Docker may fail to unmount CVMFS during shutdown, run sudo fusermount -u ./microbedb/mount if you encounter transport endpoint is not connected errors.

OSX Peculiarities

OSX does not natively support Docker, it runs Docker within a Linux virtual machine. This workaround means that support is limited to only the most basic use case. While mounting MicrobeDB via CVMFS, it will fail with an error.

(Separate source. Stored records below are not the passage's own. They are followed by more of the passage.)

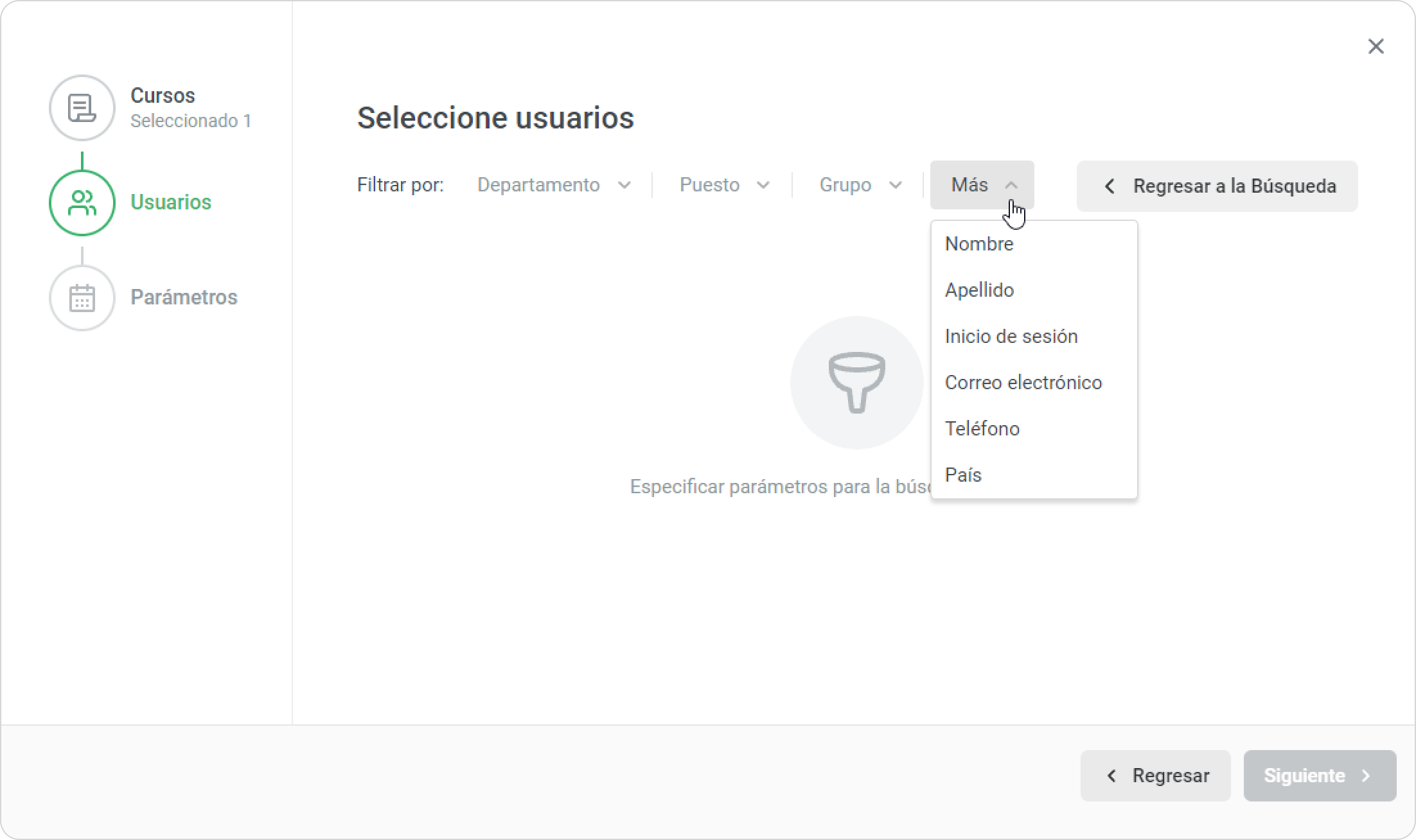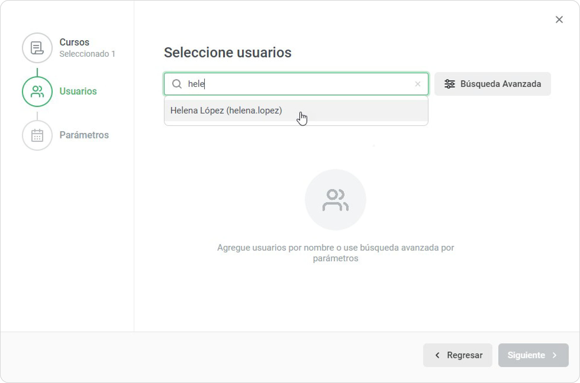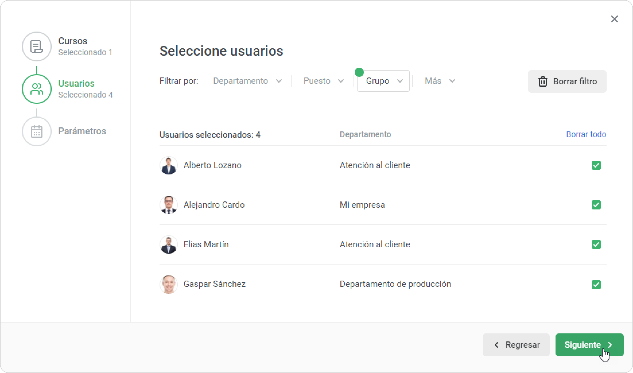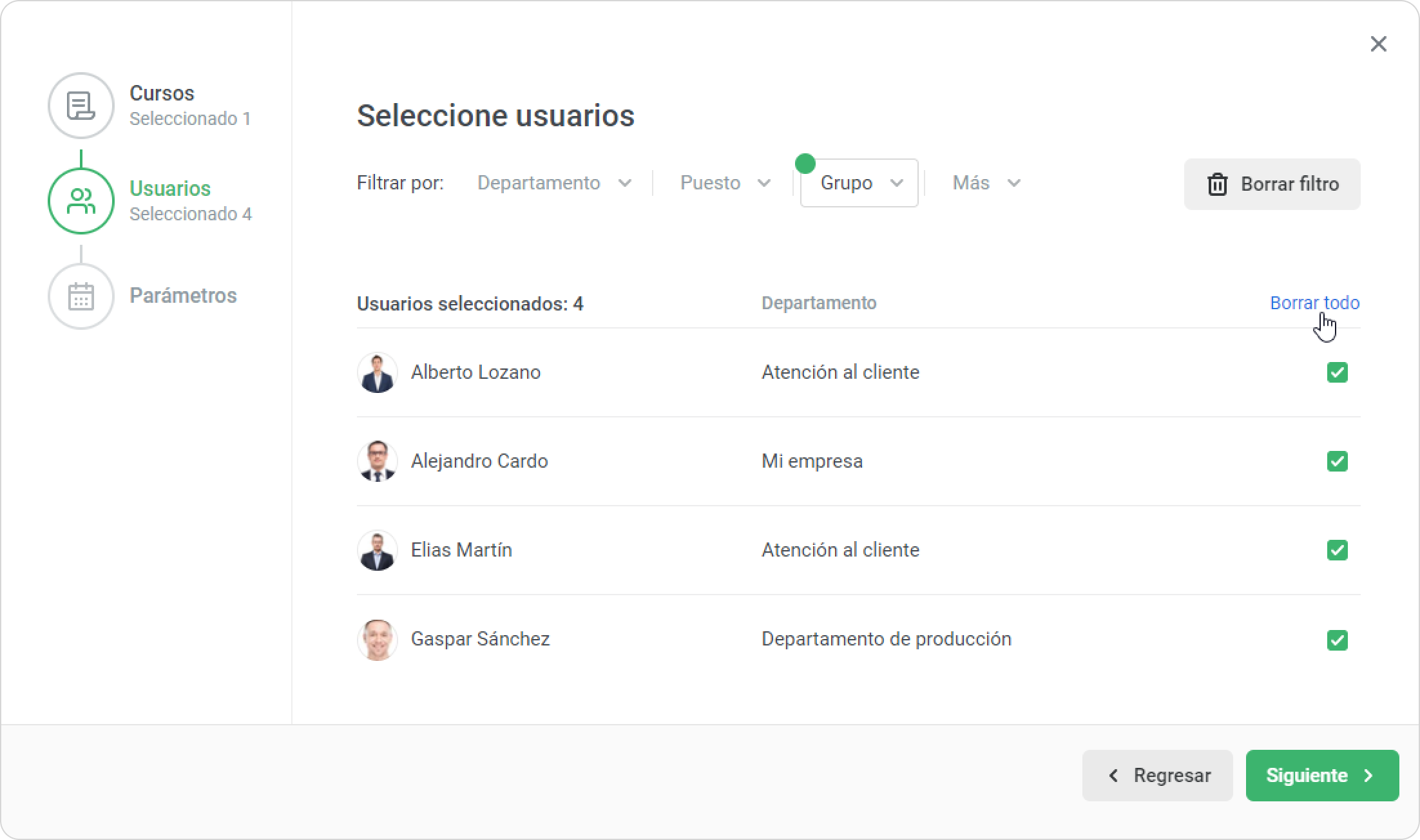 El filtrado por otros parámetros funciona de la misma manera. Filtre a los usuarios según un valor específico y asigne los cursos que deben hacer. - Para eliminar (anular la selección) un usuario de la lista, haga clic en la "x" junto a su nombre. Si desea vaciar la lista por completo, haga clic en Borrar todo.
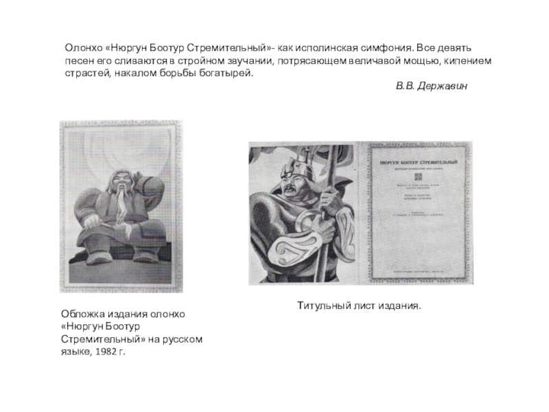 Обложка издания олонхо «Нюргун Боотур Стремительный» на русском языке, 1982 г.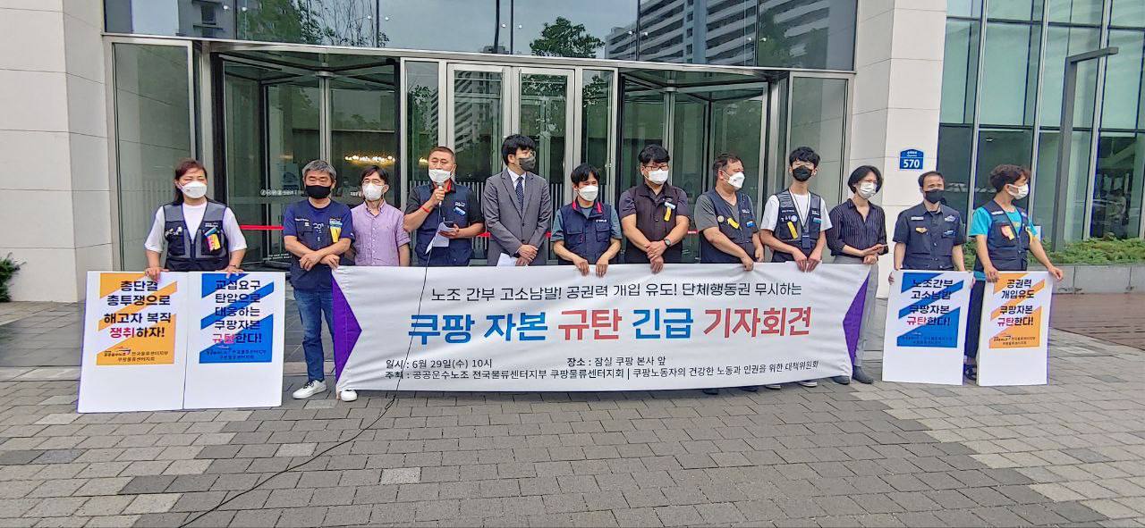 물류센터 에어컨 설치, 휴게시간 보장, 조합원 해고 취소 등을 요구하며 쿠팡 본사 로비 점거하고 있는 쿠팡 노조에 대해 회사가 고소고발을 남발하여 규탄하는 기자회견에 연구소도 연대 발언을 하였습니다.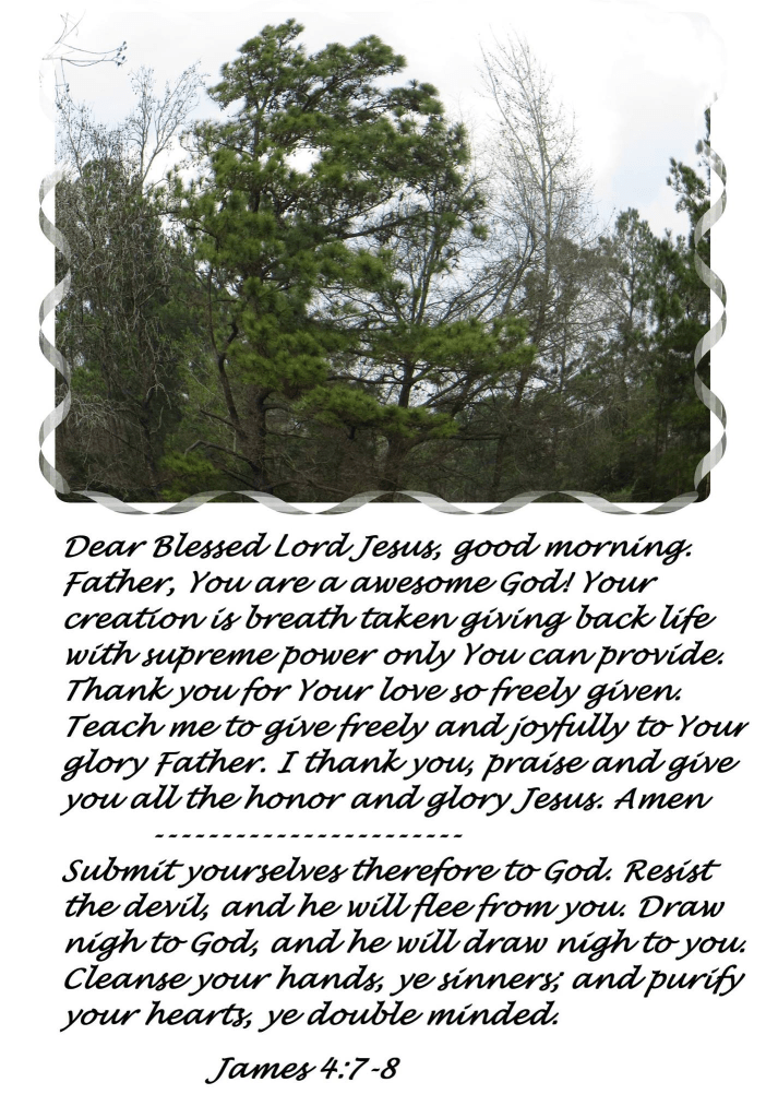 Dear Blessed Lord Jesus, good morning. Father, You are a awesome God! Your creation is breath taken giving back life with supreme power only You can provide. Thank you for Your love so freely given. Teach me to give freely and joyfully to Your glory Father. I thank you, praise and give you all the honor and glory Jesus. Amen.

To work around this CVMFS must be installed and configured manually. First ensure that FUSE is enabled by running kextstat | grep -i fuse. Download the CVMFS package. Install the pkg and reboot. Copy ../destinations/docker/cvmfs.config to /etc/cvmfs/default.local. Copy ./microbedb.brinkmanlab.ca.pub to /etc/cvmfs/keys/microbedb.brinkmanlab.ca.pub. Ensure everything is configured properly by running sudo cvmfs_config chksetup. You MUST mount the CVMFS repository under a shared folder as configured in your Docker settings for it to be accessible by Docker. By default /tmp should be included as a shared folder and you can mount the repository to /tmp/microbedb. Ensure /tmp/microbedb exists and run sudo mount -t cvmfs microbedb.brinkmanlab.ca /tmp/microbedb.

Schema documentation

Run sqlite3 microbedb.sqlite '.schema' to view documentation of the various tables and columns. The assembly table is largely undocumented because NCBI does not document their data schemas.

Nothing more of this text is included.